**DATA FOR THE TASK**

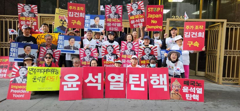 지난 해 10월 이태원 참사 이후 부터 엘에이 총영사관 앞에서 1년여간 윤석열 퇴진 시위를 매주 벌이고 있는 ’LA 촛불행동‘ 회원들과 ‘엘에이 이재명 지지모임(엘이재)’ 회원들 30여명은 LA 현지 시간 9월 30일 오전 11시에 영사관 앞에서 모여 이재명 더불어민주당 대표의 영장 기각 소식에 환호하며 이재명 대표의 이름을 연호했다. 이재명 대표가 ”나라의 미래와 바른 정치를 세우고 이념보다 나라 살림을 챙겨야 한다“는 요구를 내걸고 24일간 목숨을 건 단식을 할때 재외동포 200 여명도 동조단식에 참여한바 있다.
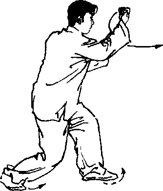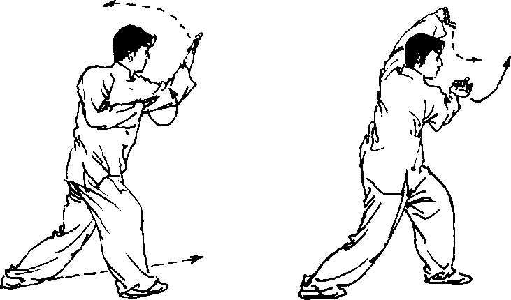 松臂下垂;起动左 脚跟右脚,滑步成跟提 步;右手变拳,于右肋间 向前击出,手心朝上,左 手配合抱于右臂肘侧。 目视前方(图2-213)。
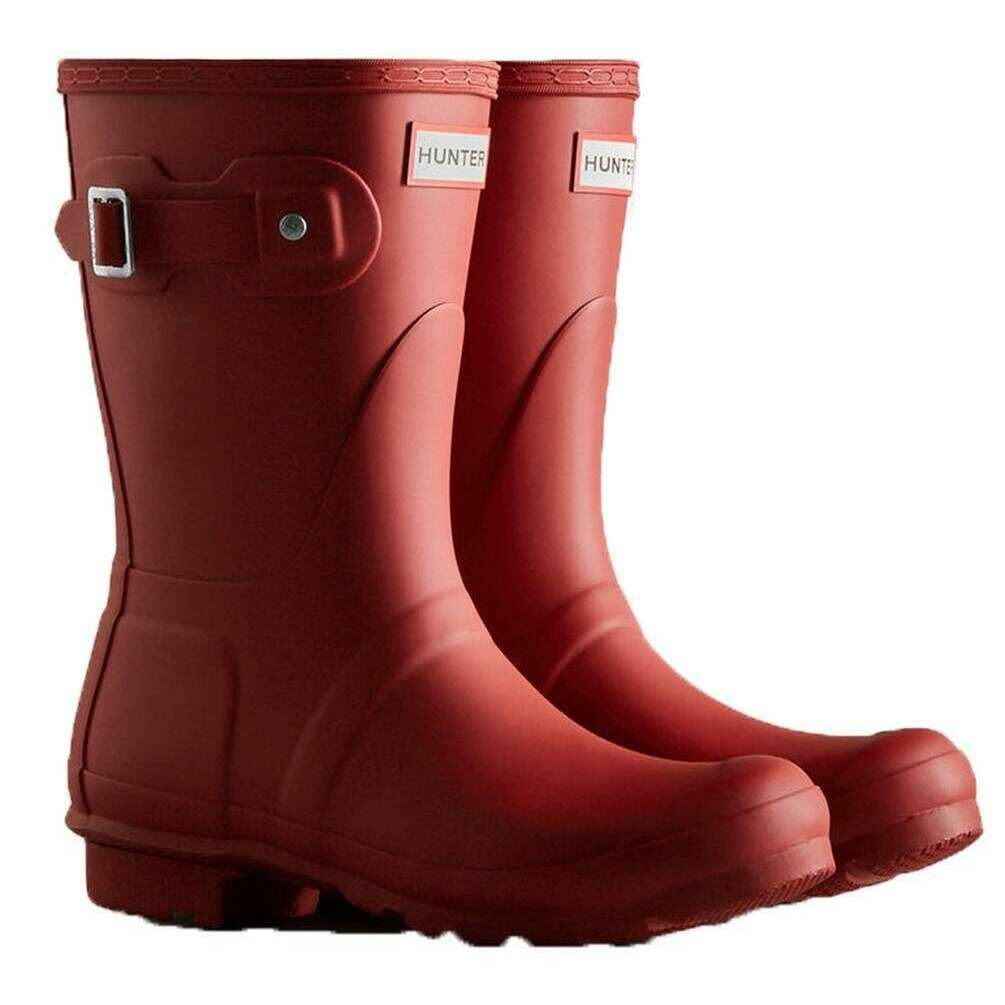 Introducing this women's original short wellington boots by Hunter, it is manufactured from 100% rubber in a miliatry red colour. All the wellington boots come complete with hunter packaging. The Hunter Original Short Wellington Boots - Miliatry Red offers a compact version of Hunter s iconic Tall Boot, designed for reliable wet?weather protection. Each pair is handcrafted from 28 natural rubber parts and assembled over three days before being vulcanised for durability and waterproof performance. The boot features a matte finish, the Hunter Original tread pattern, and an updated recycled polyester lining and insole for added comfort. Specially engineered to repel water and prevent moisture seepage, this certified vegan boot is an essential choice for rainy days.
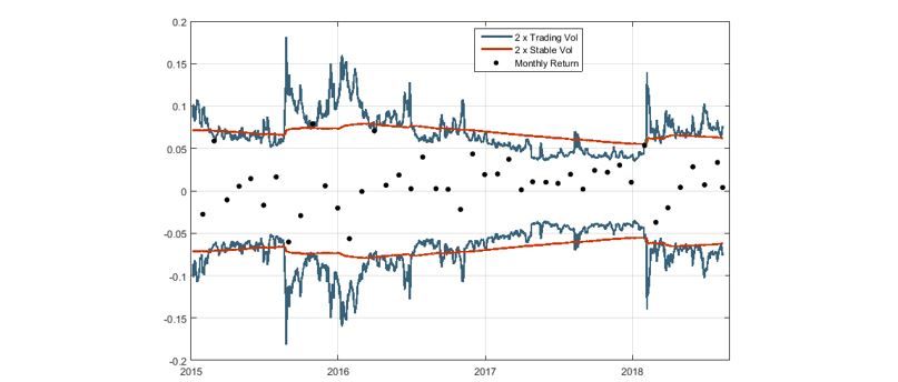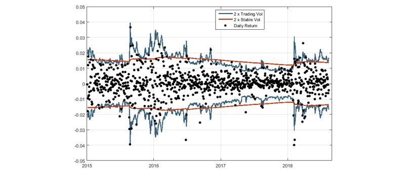 - The increased responsiveness of the volatility forecast helped to reduce the number of daily returns outside the two-sigma lines. In 2018, there were 12 outlier returns with respect to the Trading volatility forecast, while the Stable volatility forecast resulted in 17 outliers. This more responsive forecast exhibited superior performance when used for risk control on the daily horizon.
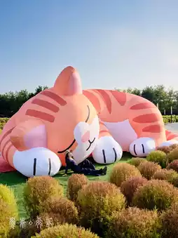 The check-in spot at the Hundred Vegetables Garden is too cute, with round ground cover grass + a giant sleeping cat installation, paired with a flock of flying white doves, full of healing vibes.

**BRIEF**
All lines from the start of the entries above through the line containing "松臂下垂;起动左 脚跟右脚,滑步成跟提 步;右手变拳,于右肋间" must be transcribed exactly, both ends included, and no picture may be copied.

**EXERCISE ANSWER**
 지난 해 10월 이태원 참사 이후 부터 엘에이 총영사관 앞에서 1년여간 윤석열 퇴진 시위를 매주 벌이고 있는 ’LA 촛불행동‘ 회원들과 ‘엘에이 이재명 지지모임(엘이재)’ 회원들 30여명은 LA 현지 시간 9월 30일 오전 11시에 영사관 앞에서 모여 이재명 더불어민주당 대표의 영장 기각 소식에 환호하며 이재명 대표의 이름을 연호했다. 이재명 대표가 ”나라의 미래와 바른 정치를 세우고 이념보다 나라 살림을 챙겨야 한다“는 요구를 내걸고 24일간 목숨을 건 단식을 할때 재외동포 200 여명도 동조단식에 참여한바 있다.
 松臂下垂;起动左 脚跟右脚,滑步成跟提 步;右手变拳,于右肋间 向前击出,手心朝上,左 手配合抱于右臂肘侧。 目视前方(图2-213)。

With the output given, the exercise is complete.